Giving Thanks to the people behind our Not for Profit Sector

October 8, 2020

Thanksgiving is traditionally a time of food, family and friends – a time to reflect on the people we are grateful for, on the experiences that have enriched our lives, and to intentionally focus on what truly matters.    It’s always been my favourite holiday.

It’s hard not to think about Thanksgivings of years gone by.  The pre-covid Thanksgiving looks quite different than the one we’ll have mid-pandemic and we can only hope that with all the precautions taken, that next year’s holiday will return to some semblance of normal.

These uncertain times have resulted in a heightened awareness of who I am thankful for; of course friends and family – we’re forever grateful for them and never quite sure where we’d be without them – but this year, my gratefulness extends to an additional group of people – those who are making the community I live in, the one I call home, stronger and safer.  My thanks to those who, since the beginning of this pandemic, have been very quietly working behind the scenes to limit its impact on our community. That is no small feat. It is one that requires compassion, empathy, hope and a dedication to serving others. I am grateful for this group of people. Those who work or volunteer in the not-for-profit sector or the social sector, however we want to label it –  have worked every single day – Every Single Day – during this pandemic.  They have challenged their organizations limits – they broadened their mandates – they very quickly, quietly and efficiently mobilized their teams of staff and volunteers to respond to the rapidly changing environment that we were all thrust into. Make no mistake, not for profit organizations do not operate themselves – they are run, passionately, by people in our community.

In my humble opinion, the social sector helped, in dramatic ways, to create the time and space necessary for our health care sector to be able to focus on the health crisis. Because as we know a person who struggles with their mental health often ends up at the hospital. Someone suffering from an addiction often ends up in the emergency room. Someone who is homeless and lacks the basic needs of life often ends up in the care of doctors and nurses. The social sector responded to the social crisis – so that the health care sector could focus on the health crisis. Caring for our community is a partnership. It requires coordination and collaboration. While our systems are not perfect, and there are certainly gaps that need filling, the people who work, staff or volunteer, in this field are remarkable. Because they are human, they’re also tired. And they’re concerned about the future. And they’re wondering if they can keep up this pace during the second wave.
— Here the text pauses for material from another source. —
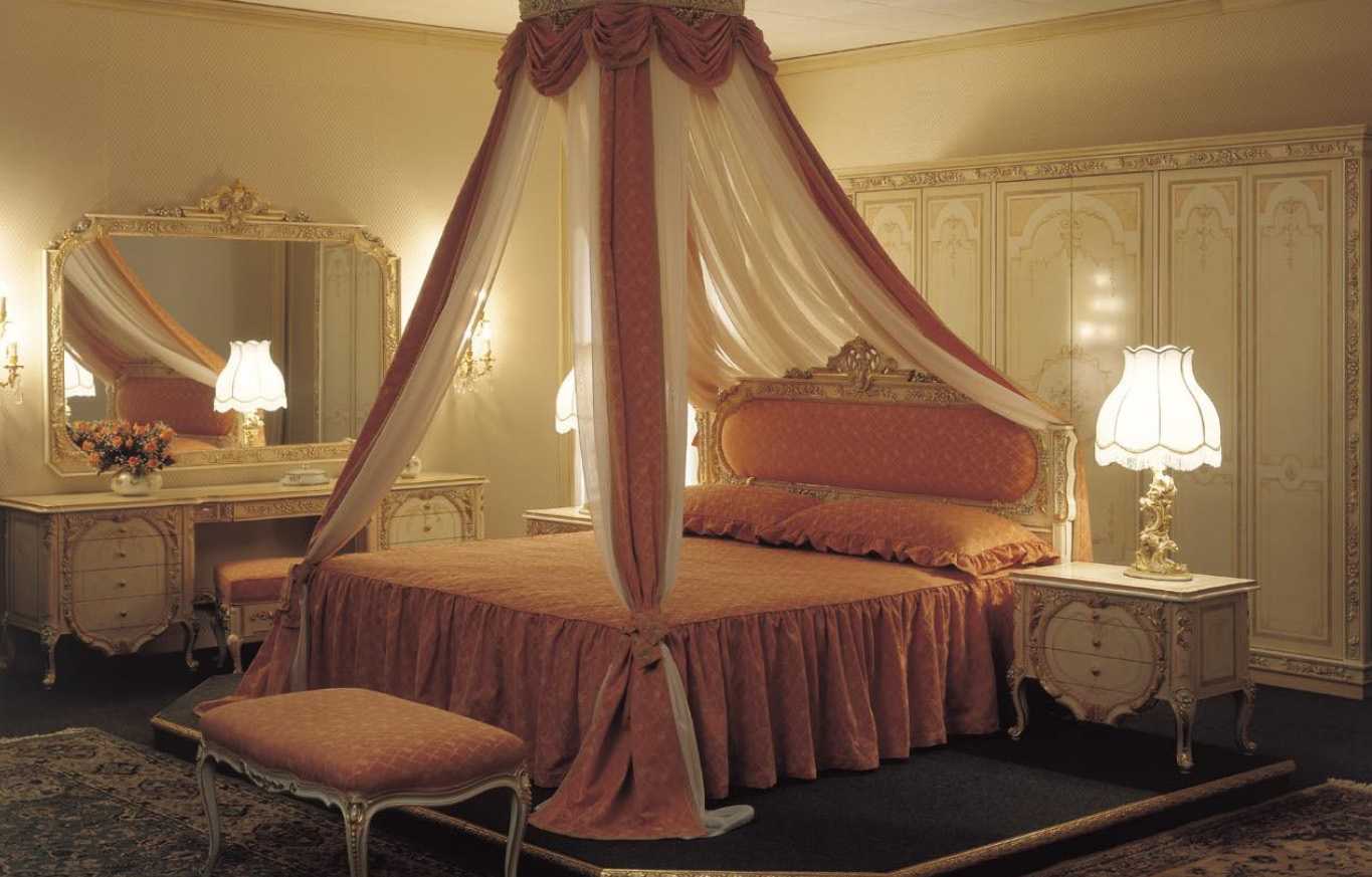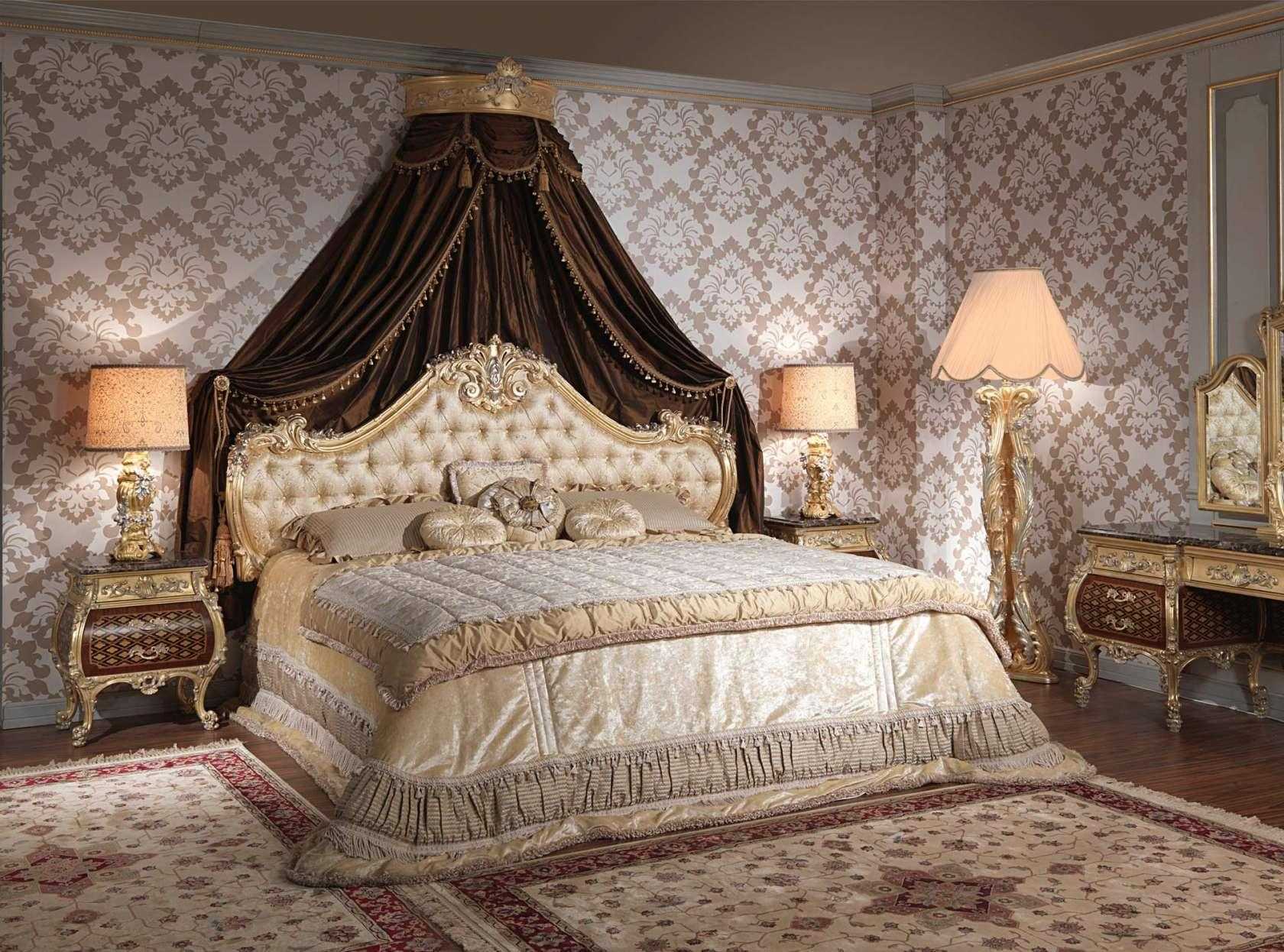 Балдахин над кроватью просто незаменим в стиле барокко. Главная его черта – помпезность. Здесь будет уместно оформление под золото, а королевская кровать должна декорироваться плотной драпировкой из дорогой элитной ткани.
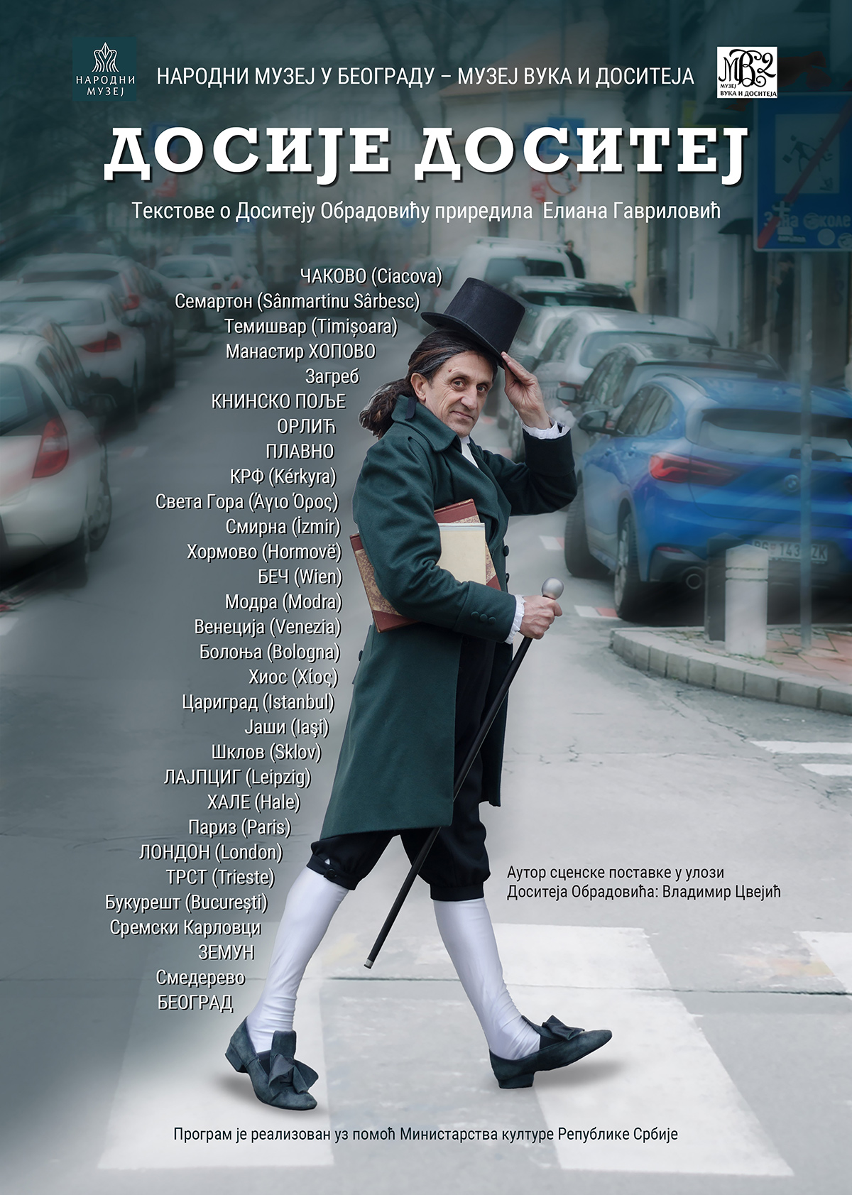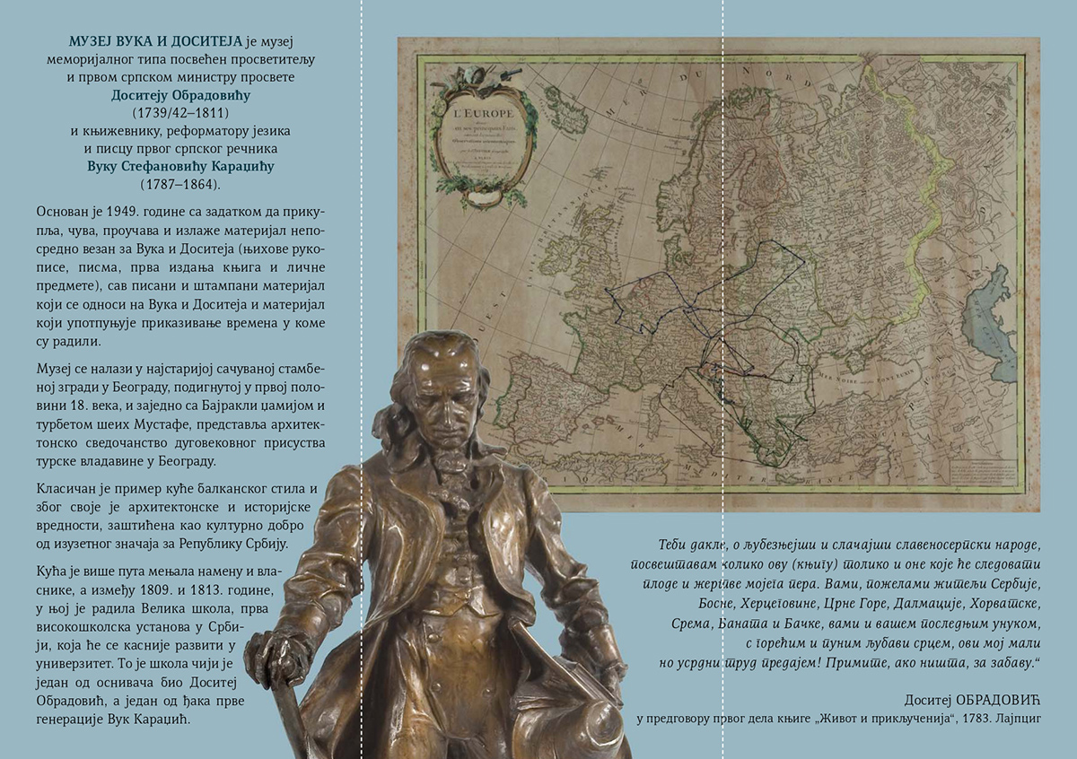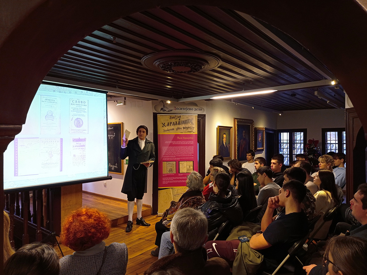 Спајањем Доситејеве биографије и простора у коме се представа одвија у потпуности ће доћи до изражаја интерпретативна моћ музејског театра, кроз приказ једне историјске личности чије је дело нераскидиво повезано са здањем у коме се данас Музеј налази. Лик Доситеја Обрадовића игра аутор поставке, глумац Владимир Цвејић. Он приказује епоху у којој је Доситеј живео, људе с којима се сусретао и раздобље освита модерне српске државе. Ова поставка је намењена како позоришној публици тако и у сврху образовног карактера за студенте и ученике. Кроз представу, путем видео пројекције, пратимо мапу путовања и све градове и места које је Доситеј посетио и где је боравио и учио.

On this Thanksgiving weekend, there are teams of people in a kitchen preparing a meal for those who need it; there are people taking calls to support those in a mental health crisis; there are people working in shelters and group homes, there are people who have spent the last several months giving everything they had to the people they support at work. We see you.  We are proud to work together with you. You ARE making a difference.  Thank you for all you do.